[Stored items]
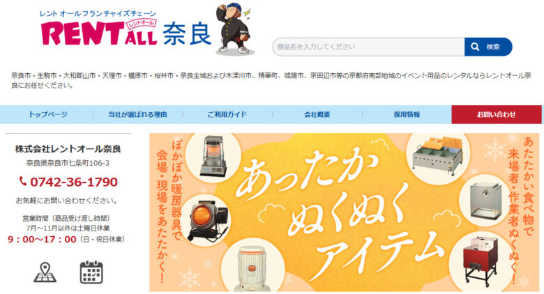 | 問合せ先 | https://rentall-nara.jp/contact/ |
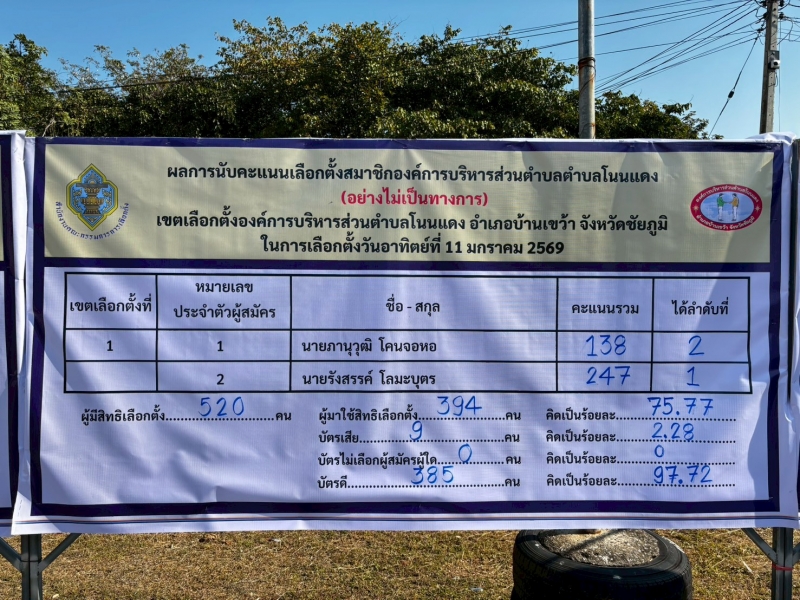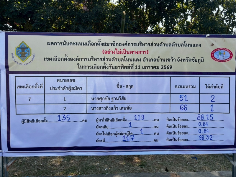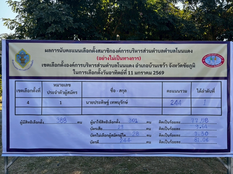 คณะกรรมการการเลือกตั้งประจำองค์การบริหารส่วนตำบลโนนแดง ประกาศและแจ้งผลการรวมคะแนนเลือกตั้ง “การเลือกตั้งนายกองค์การบริหารส่วนตำบลโนนแดง และสมาชิกสภาองค์การบริหารส่วนตำบลโนนแดง ทั้ง 9 เขตเลือกตั้ง (อย่างไม่เป็นทางการ) ในวันอาทิตย์ ที่ 11 มกราคม 2569 ดังนี้
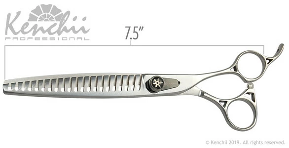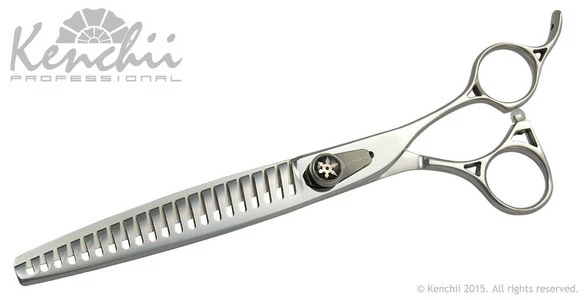 The Shinobi line of shears provides an exceptionally smooth cut. The 21-tooth blender has an ultra sharp semi-convex edge well suited for thick and double coat fur, and provides an ultra smooth blending experience with moderate thinning power.
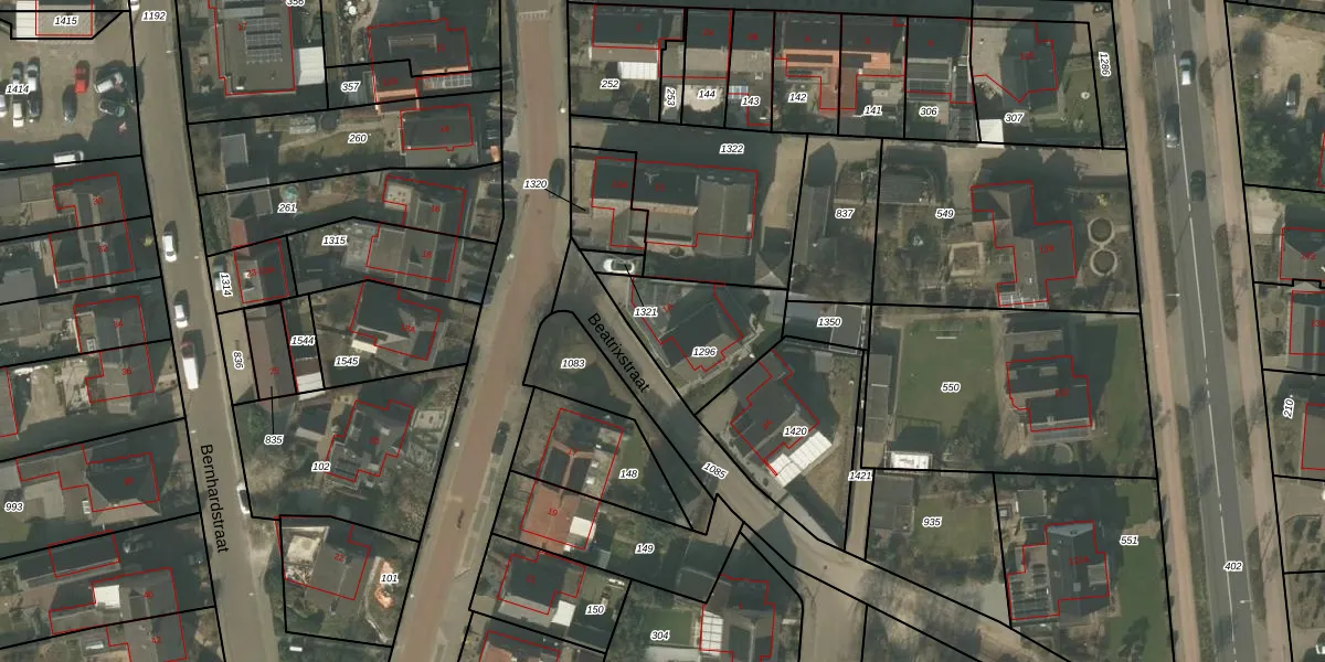 Het perceel waarop Beatrixstraat 1-A staat heeft een oppervlakte van 345 m². Dit is een groot perceel. De perceeloppervlakte wordt geregistreerd door het Kadaster. Gedetailleerde informatie over de maten van dit perceel kunt u vinden in het rapport Kadastrale kaart met maatvoering van Beatrixstraat 1-A.
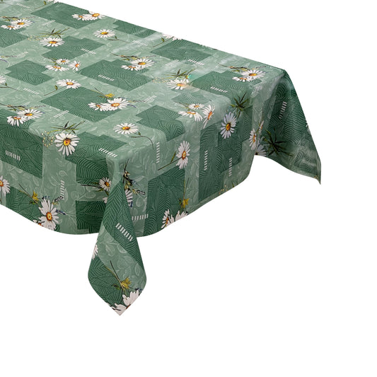 Nappe en toile cirée 01725-04 marguerites vertes fleurs de printemps carré rond ovale
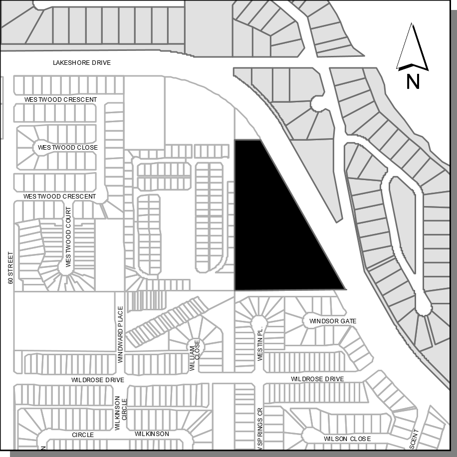 The Town is considering a proposal to re-district Pt. of the NW 32-38-1 W5 (5501 Lakeshore Drive) from Future Designation District (FD) to High Density Residential (R3) District. The re-districting will support future residential development on the property.
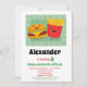 Die Einladung zum Geburtstag dieses Kindes beinhaltet einen leckeren, fröhlichen kawaii Hamburger und Pommes frites auf niedlichem grünem Hintergrund.

◆ **What is expected**
Repeat exactly the lines above, starting at the one that contains "Nappe en toile" and stopping at the last line of the entries, and leave out the pictures.

◆ **Answer below**
 Nappe en toile cirée 01725-04 marguerites vertes fleurs de printemps carré rond ovale
 The Town is considering a proposal to re-district Pt. of the NW 32-38-1 W5 (5501 Lakeshore Drive) from Future Designation District (FD) to High Density Residential (R3) District. The re-districting will support future residential development on the property.
 Die Einladung zum Geburtstag dieses Kindes beinhaltet einen leckeren, fröhlichen kawaii Hamburger und Pommes frites auf niedlichem grünem Hintergrund.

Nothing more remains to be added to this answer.